Predictive factors of fetal and maternal pregnancy outcomes in Japanese patients with systemic lupus erythematosus

医学 怀孕 系统性红斑狼疮 产科 妊娠期 中止 胎龄 胎儿 恶化 活产 出生体重 疾病 内科学 遗传学 生物
作者
Kensuke Irino,Yojiro Arinobu,Masahiro Ayano,Shotaro Kawano,Yasutaka Kimoto,Hiroki Mitoma,Mitsuteru Akahoshi,Koichi Akashi,Takahiko Horiuchi,Hiroaki Niiro
出处
期刊:Lupus [SAGE Publishing]
卷期号:30 (10): 1637-1643 被引量:5
标识
DOI:10.1177/09612033211031989
摘要

The number of pregnant and delivery cases in systemic lupus erythematosus (SLE) patients are increasing due to the advances in therapies. However, there are many problems such as the exacerbation of SLE during pregnancy and the risk of fetal complications.

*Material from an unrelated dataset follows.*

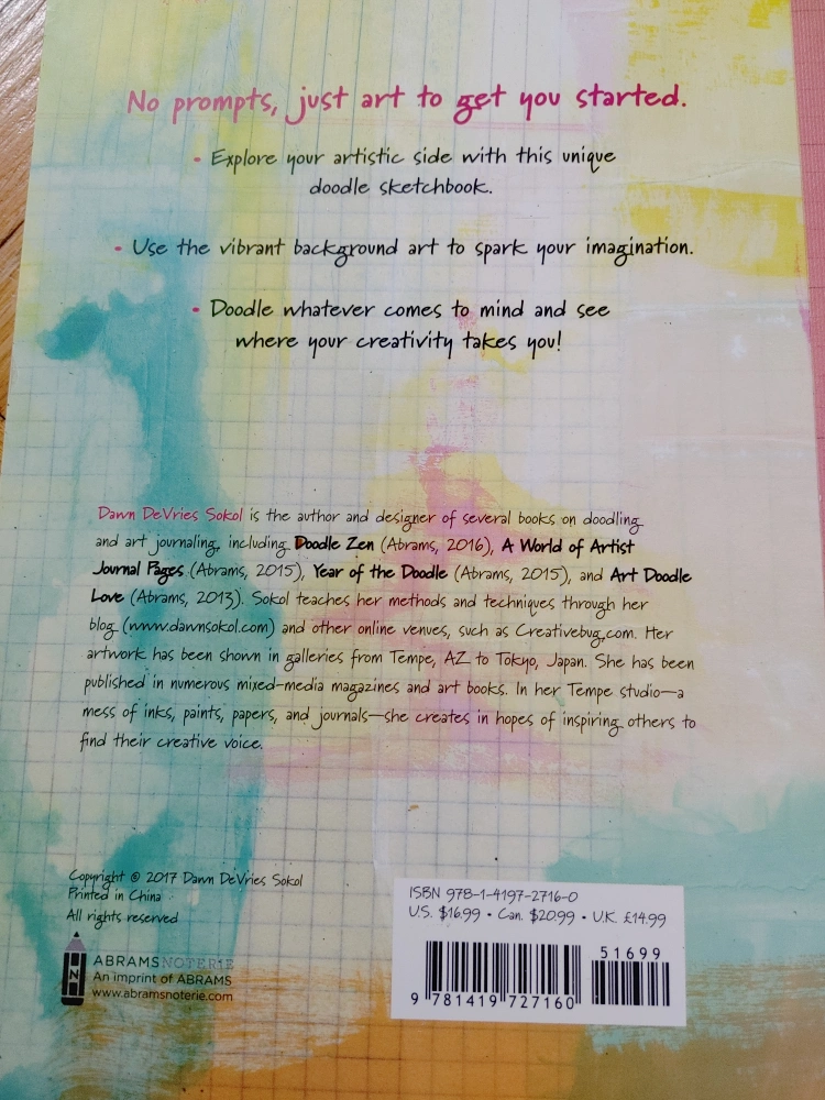 No used pages!!!!!!! Get your creativity flowing with "Art to Start Doodling: A Sketchbook" by Dawn DeVries Sokol! This sketchbook is designed to inspire your artistic side and help you explore your imagination. It features vibrant background art to spark your creativity and encourage you to doodle whatever comes to mind. Perfect for anyone looking to dive into art journaling and doodling!

We investigated the impact of both pregnancy on lupus and lupus on pregnancy in Japanese patients.We retrospectively analyzed 64 pregnancies in 39 cases of lupus patients at Kyushu University Hospital, Japan, from October 2002 to July 2018 and then assessed the clinical profiles and maternal and fetal outcomes.In terms of the impact of pregnancy on SLE, 29.7% of patients had lupus flare during pregnancy. Multivariate analysis showed that flare rates were significantly higher in patients who discontinued the immunosuppressants when pregnancy was detected or before pregnancy. Pregnancy results were 25.0% for preterm birth, 39.1% for low birth weight infants, and 31.3% for small-for-gestational-age infants. Regarding the effect of SLE on fetal death, the rates of stillbirth were significantly higher in cases whose C3 value at 12 weeks of gestation was lower than before conception. Preterm birth was associated with disease duration and lupus flare during pregnancy.Discontinuation of immunosuppressive drugs was a predictive factor for lupus flare during pregnancy. Further, the decrease of C3 levels at 12 weeks of gestation from baseline was a predictive factor for fetal loss. It is essential for lupus pregnant patients to prevent flares, even with the use of immunosuppressive medications.